The rats were killed by injecting an overdose of anesthetic (pentobarbital > 25 mg/kg) on the 1st, 3rd, 7th, and 14th days. Three rats were harvested at each point in time. After dissection of the maxillary region, impressions of the teeth and maxillae were obtained with the use of individual trays containing hydrophilic vinyl polysiloxane impression material (EXAFAST Injection Type, GC Co., Tokyo, Japan). The amount of tooth movement was evaluated by measuring the closest distance between the first and the second molars in the impression under a stereoscopic microscope (VH-7000; Keyence, Osaka, Japan).

Micro-computed tomography (micro-CT) analysis

Rats were euthanized on days 3 and 14 to evaluate bone mineral density (BMD. An Inveon MM system (Siemens, Munich, Germany) was used for micro-CT analysis. Images were obtained at a pixel size of 8.82 μm, exposure time of 1500 ms, voltage of 80 kV, and current of 500 µA for each of the 360 rotational steps. Cross-sections were used for general viewing, but vertical sections were used for quantitative analysis. The vertical reference plane is the plane formed by the proximal and distant middle cusp of the first molars and the root tip of the tooth. The horizontal reference plane is located in the one-third of the root near the neck of the tooth and perpendicular to the vertical plane. The region (200 μm width ×200 μm thickness × 800 μm length) of alveolar bone adjacent to the neck of the distal palatal root was regarded as the compression side.

Sequential fluorochrome labeling and histomorphometric analysis

Rats were injected with alizarin-3-methyliminodiacetic acid (30 mg/kg body weight, i.p.) on the second day and calcein (20 mg/kg body weight, i.p.) on the 11th day. Rats were euthanized on the 14th day. Cross sections were cut parallel to the occlusal surface and polished to 60–80 μm with an EXAKT cutting and grinding system (EXAKT Apparatebau, Germany). The distal alveolar bone of the mesial palatal root was used for analysis. The bone mineral apposition rate (MAR) was measured using Bioquant software (BioQuant, San Diego, CA, USA). The maximum distance between the red fluorescent line and the green fluorescent line on the photo was measured.

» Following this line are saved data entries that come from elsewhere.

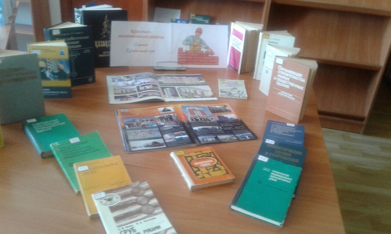 В областной универсальной научной библиотеке имени Г.Сланова организован библиографический обзор по книжной выставке на тему: «Құрылыс – экономиканың қанаты», посвященная к профессиональному празднику строителей.
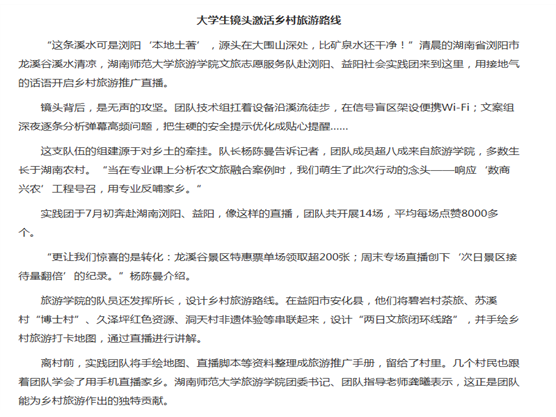 《中国青年报》重点报道了yl8cc永利官网文旅志愿服务队志愿者在浏阳、益阳通过“直播+文旅”新模式赋能乡村振兴的实践探索。在浏阳市龙溪谷,团队克服信号盲区困难,开展14场文旅直播,累计收获数万点赞,带动景区次日客流翻倍;益阳市安化县团队结合茶旅、红色资源与非遗体验,设计“两日文旅闭环线路”,手绘乡村旅游打卡地图,并帮助村民学习直播技能,为乡村文旅发展留下了一份可持续的“青春方案”。
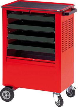 Provedení: Stabilní konstrukce z ocelového plechu se 4 oboustranně vysunutelnými zásuvkami (4 x 45 mm vysoké), kuličkový výsuv a blokování ve středu a na konci. S velkou spodní přihrádkou pro objemné nářadí a oboustranně posuvné dveře z kovu pro zajištění celého vnitřního prostoru. Boční stěny mají čtvercovou perforaci (10 x 10 mm). Centrálně uzamykatelný pomocí visacího zámku. Pracovní deska s žebrovanou plastovou podložkou a ochranu hran z měkké gumy. Vysoká stabilita díky zesílené širokorozchodné zadní nápravě a 2 velkým celogumovým kolům vyčnívajícím na boku, jakož i 2 otočným kolečkům, s brzdou na jedné straně (úplné zastavení). Kromě toho má dílenský vozík po obvodu profilovou lištu jako ochranu hran.
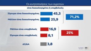 Δικαιολογημένες χαρακτηρίζει τις κινητοποιήσεις των αγροτών το 71,2% ενώ υπερβολικές τις κρίνει το 25%.
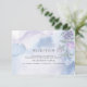 Recepção de casamento | buquê Rustic Watercolor de flores púrpuras e poeirentas, pintadas vagamente sobre fundo de cor aquosa - tons de azul e púrpura -, todas sobre fundo azul e lilás de cor aquática
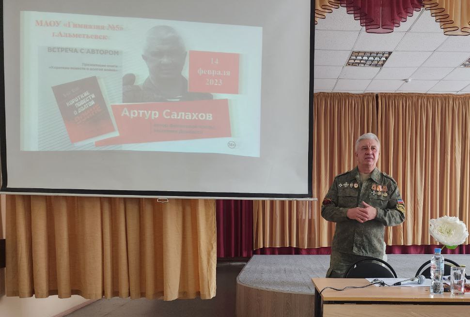p2023 нче елның 14 нче февралендә 5 нче гимназиянең өлкән сыйныфы укучылары әлеге исемдәге китапның авторы Артур Әсхәт улы Сәлахов белән очраштылар//p pЯзучының балалык һәм мәктәп еллары Татарстан нефтьчеләренең башкаласы - Әлмәт шәһәре белән бәйле. Һөнәре буенча югары белемле икътисадчы, Армия хезмәтеннән соң Көнбатыш Себер предприятиеләрендә зшләгән. Ә инде Донбасс җирләрен азат итү буенча махсус хәрби операция башлангач, үзе теләп фронтка китә.../p pАртур Әсхәтулы әле күптән түгел генә Донбасстан кайткан. Шуңа күрә ул үзенең әсәрендә илебез бөтенлеген саклау өчен барган көрәш вакыйгаларын тәэсирле итеп сурәтли. Китапны тәкъдим итү буенча ясалган чыгышлардан соң, аңа сораулар бирдек./p p /p p- Бүгенге фронтовик-язучылар алдында нинди бурычлар тора?/p p- Сугыш корбаннарсыз булмый. Ләкин кеше гомере халык хәтерендә күпме сакланса,шулкадәр дәвам итә, - дип җавап бирде ул. - Рус һәм татар классикларының әсәрләре буенча без Ватаныбыз азатлыгы өчен башларын салган күпме каһарманның исемен хәтеребездә саклыйбыз. 1941 -1945 еллардагы Ватан сугышын гына алыйк... Фронт язучыларның әсәрләрендә бирелгән каһарман –сугышчы образлары безнең милли аңыбызга сеңгән.Бүген язучының бурычы –Ватаныбыз тарихын ясаучы Каһарманнарны мәңгеләштерү./p p- Сугыш темасына тагын язарга уйлыйсызмы?/p p- Сугыш күпме дәвам итсә,шулкадәр язачакмын,-дип җавап бирде әңгәмәдәшебез.- Ә инде дөньяда тынычлык урнашкач, нәрсә турында язарга кирәклеген тагын хәл итәчәкбез./p p- Китап укучыларга теләкләрегез нинди?/p p- Тынычлык. Бу сүз бүген бик зур мәгънәгә ия. Тынычлык - Җирдә тормышның дәвам итүе дигән сүз./p p /p pХәйретдинова Римма Ильинична,/p pӘлмәт шәһәре 5 нче гимназиясенең/p pтэрбия эшләре буенча директор урынбасары/p p/p

Immunohistochemistry and TRAP staining

Following a predetermined schedule, the maxillary bone containing the maxillary first molar was dissected on days 1, 3, and 7. The specimens were immediately immersed in 4% paraformaldehyde for 48 h, then demineralized in 10% EDTA (pH = 7.4) for 6 weeks. After paraffin embedding, the specimens were sectioned (4 μm) in the mesial-distal direction of the first molar and prepared for immunohistochemical staining and TRAP staining.

The slides were deparaffinized, treated with 0.125% trypsin and 5 µg/ml proteinase K solution for 20 min at 37 °C for antigen retrieval, and treated with 3% hydrogen peroxide for 20 min at room temperature. The sections were then blocked with goat serum for 1 h at room temperature, and incubated with antibodies to RANKL (1:200; sc-52,950, Santa Cruz Biotechnology, Santa Cruz, CA, USA) overnight at 4 °C. They were then incubated with secondary antibody for 20 min. After washing with phosphate-buffered saline, the sections were developed with diaminobenzidine. Ultimately, hematoxylin was used for counterstaining.

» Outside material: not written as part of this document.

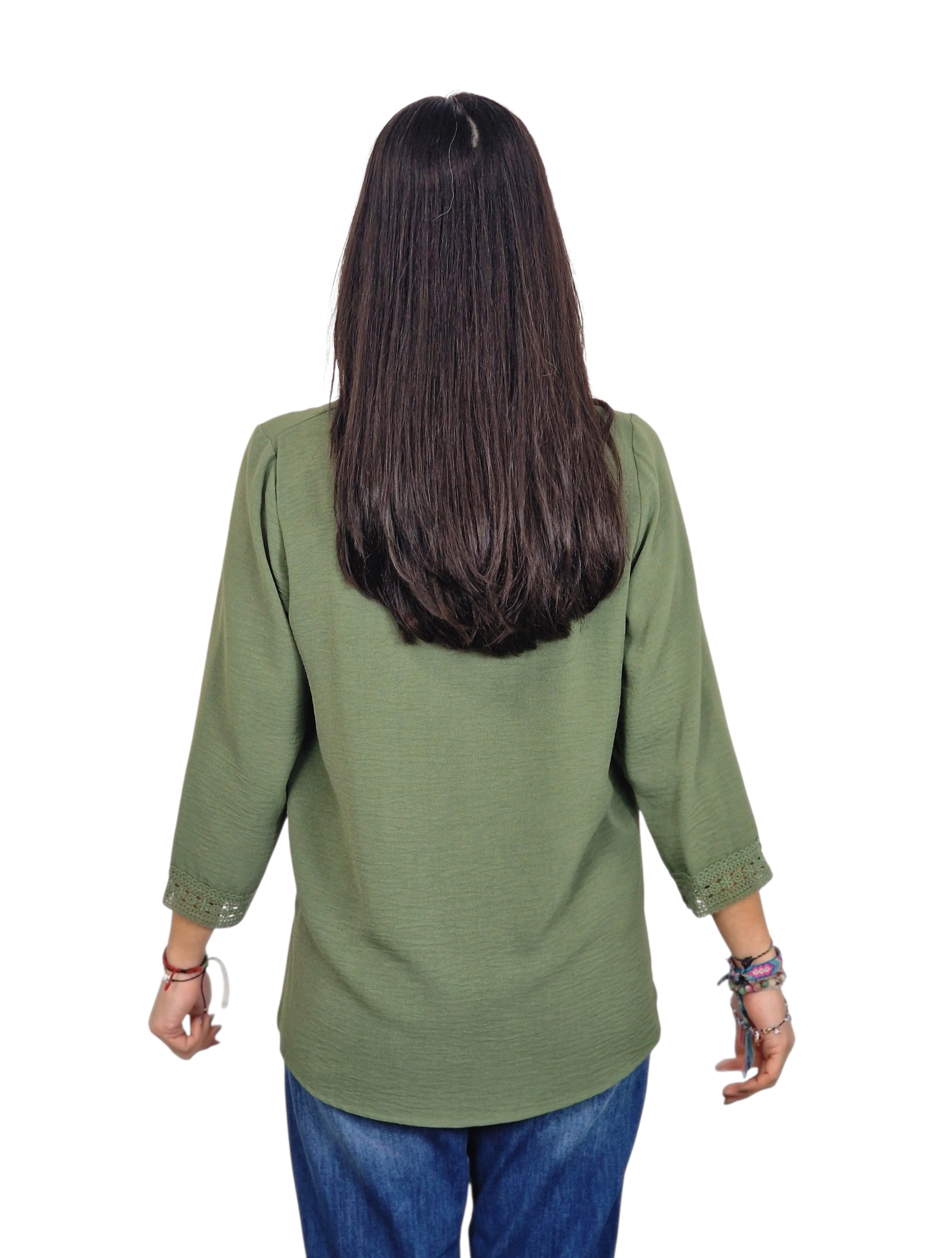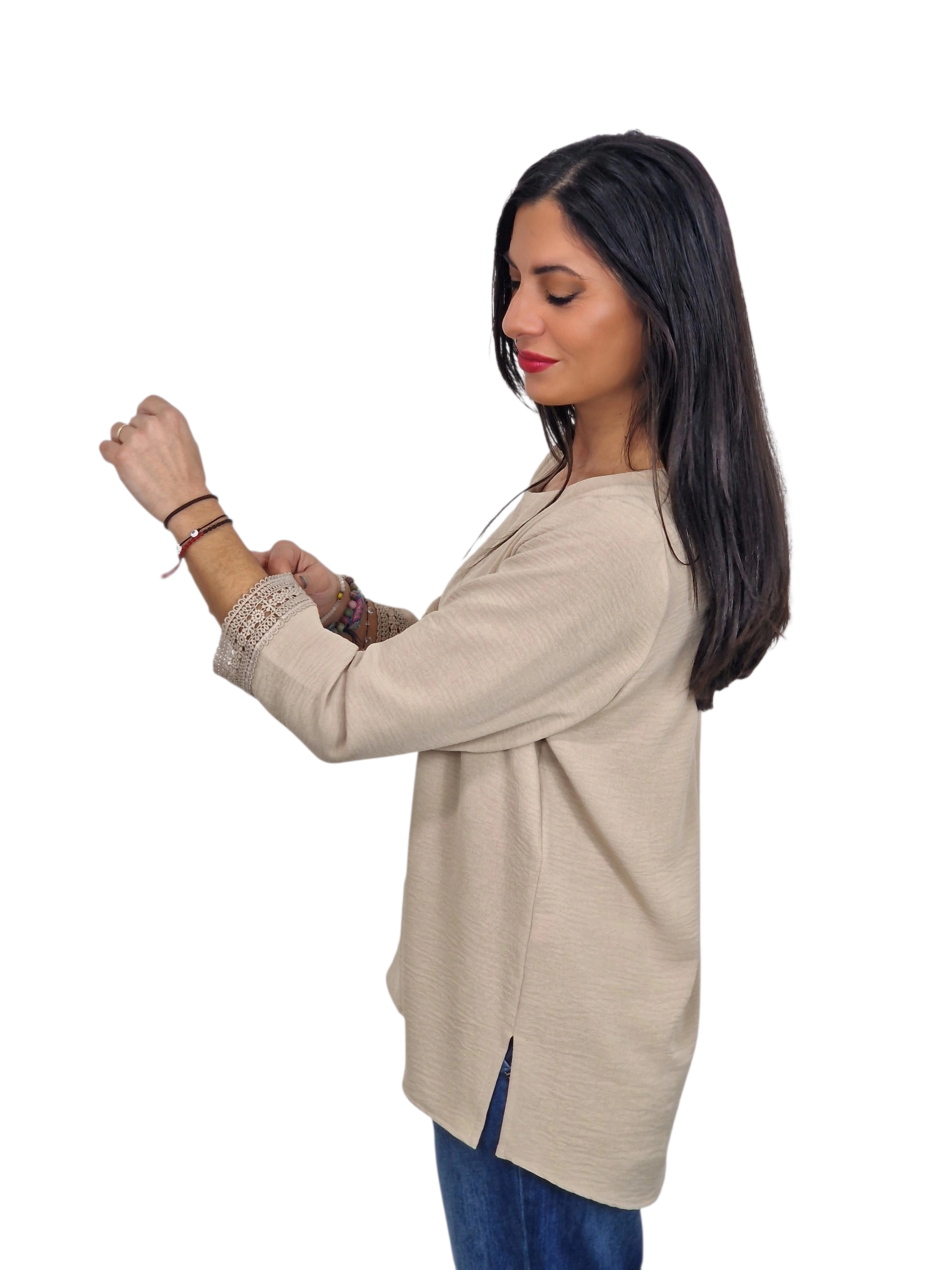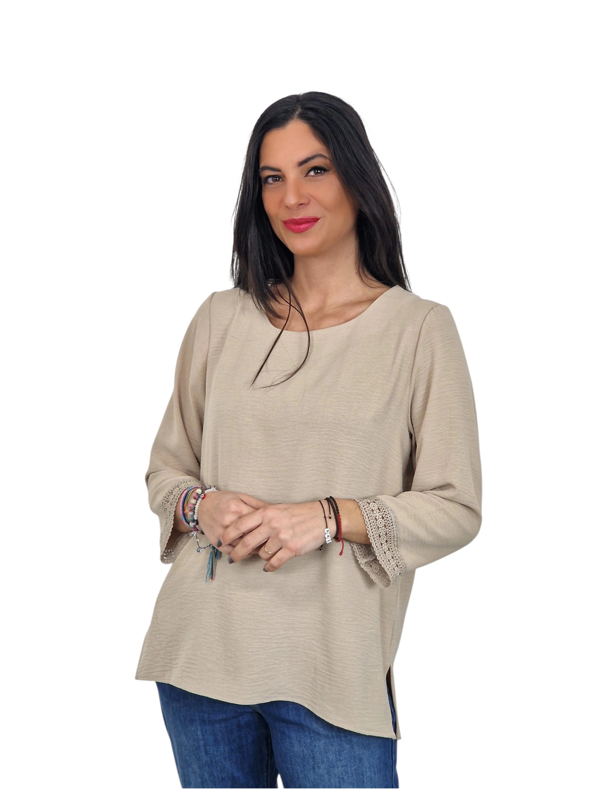 Blusa con cuello redondo y manga francesa adornada con puntilla. Disponible en marino, verde kaki, crudo, arena, tabaco y negro.

TRAP staining was performed with a tartrate-resistant acid phosphatase kit (Sigma-Aldrich, St. Louis, MO, USA) according to the manufacturer’s instructions, and the slides were counterstained with hematoxylin. Cells containing more than 3 nuclei were considered osteoclasts.

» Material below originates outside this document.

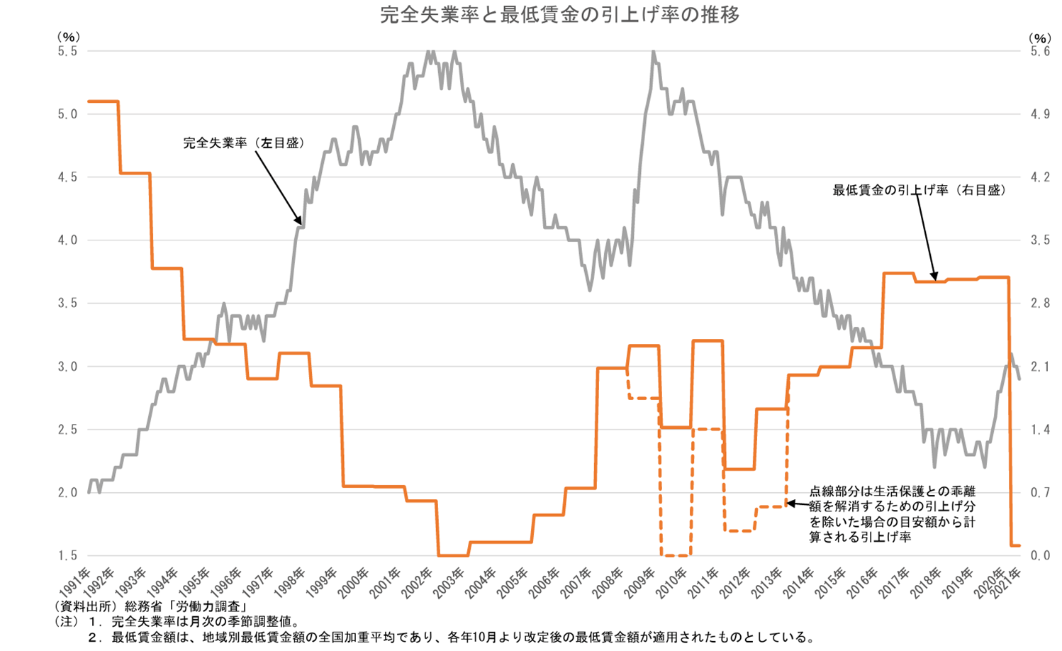 資料:「最低賃金に関する先行研究・統計データ等の整理(案)」厚生労働省

mRNA extraction and quantitative real-time polymerase chain reaction (Q-PCR)

The periodontal ligament and alveolar bone were extracted from the maxillary first molar on days 1, 3, and 7. The tissues were broken down with a tissue lyser (Qiagen, Germany). RNA was then isolated using Trizol reagent (Invitrogen, Grand Island, NY, USA). Complementary DNA was synthesized from 2 µg of total RNA using a commercially available kit (Thermo Fisher Scientific, USA). Q-PCR reactions were performed in a 20-µl mixture using a thermal cycling system (Applied Biosystems 7500 Real-time PCR System, ABI) under the following cycle conditions: 15 min at 95 ℃, 40 cycles of 15 s at 90 ℃, 30 s at 60 ℃ and 20 s at 72 ℃. Gene expression was normalized to GAPDH expression, expressed as 2^−ΔΔCt (baseline in the control group) = 1. The primer sequences used in these studies are designed by the BLAST in National Center for Biotechnology Information (NCBI). The q-PCR primers are listed ( Table 1).

Statistical analysis

Image-Pro Plus 6.0 was used for analyzing the mean optical density value of RANKL in periodontal ligament. Integrated optical density/area was regarded as mean optical density. The descriptive statistics of SPSS software (IBM Corporation Armonk, NY, USA) was used to analyze whether the data is normally distributed. Statistical analyses were performed using one-way analysis of variance to compare the differences in compliance with normality. Results with P < 0.05 were considered statistically significant.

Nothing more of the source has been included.